In his appearance from California, Dimon said that “if I thought it was a calamity I would go back to New York. But I think this is just a lot of volatility in the marketplace.”

The appearances temporarily soothed investors, with Bank of America and JPMorgan stocks rising in the hours after the CEOs spoke. But the comfort soon dissipated and the stocks headed down again. JPMorgan shares shed 5.6% to close at $34.32, while BofA dropped 11% to $6.77 and Citigroup tumbled 10.5% to $28.49.
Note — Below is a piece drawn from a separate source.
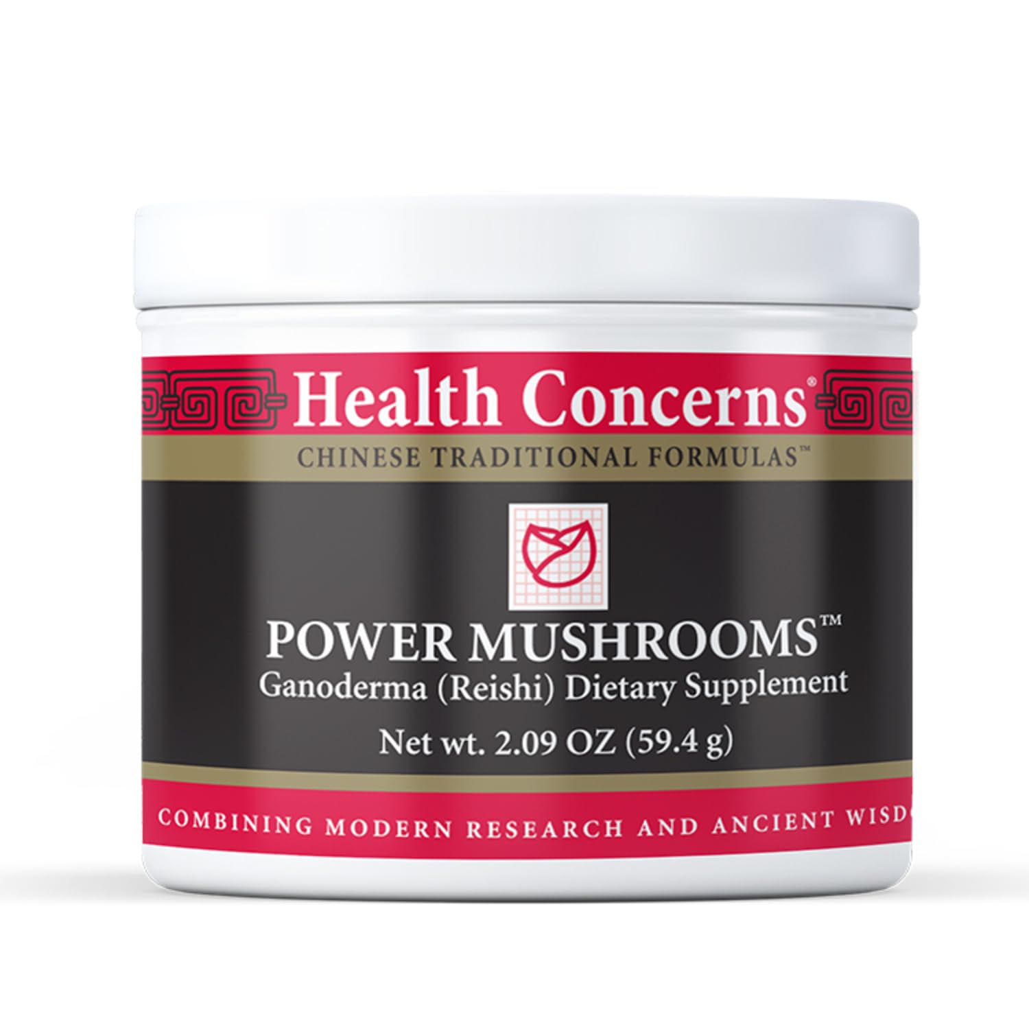 Health Concerns Power Mushrooms is a powerful practitioner-formulated mushroom supplement designed to support immune system health and overall vitality. This traditional Chinese herbal blend features extracts from Reishi (Ganoderma lucidum), Tremella, Maitake, and Poria mushrooms, known for their adaptogenic and immune-supporting properties. These mushrooms work synergistically to tonify Qi and Yin, benefiting the lungs, stomach, spleen, and kidneys according to traditional Eastern medicine. Each 2.09 oz jar delivers 30 servings of energizing mushroom powder made from the fruiting bodies—not mycelium—ensuring maximum bioavailability and potency. Simply stir ½ teaspoon into hot water or tea between meals. Free from unnecessary fillers and made in the USA with globally sourced ingredients, Power Mushrooms reflects Health Concerns' dedication to integrating ancient herbal traditions with modern clinical research.

Meredith Whitney, one of the most prominent and pessimistic of bank analysts, said Wednesday that many of the banks are “zombies,” thanks to the combination of a slow economy and recent regulations that force banks to sock away more ultra-safe capital. She is one of a wide array of analysts who have slashed their estimates for how much profit banks will generate in the near future

Investors are concerned about specific issues at each bank, such as the troubled mortgage portfolio that Bank of America inherited when it bought Countrywide Financial Corp. in 2008. But there are broader concerns about the exposure of the banks to the troubled bonds of Spain, Italy and Greece.

Concerns about economic problems spreading throughout Europe punished shares of French financial companies Wednesday, and caused some to worry that it could spread to U.S. banks. Like his American counterparts, Societe Generale CEO Frederic Oudea got on the phone with American reporters to dismiss rumors that his bank was going under.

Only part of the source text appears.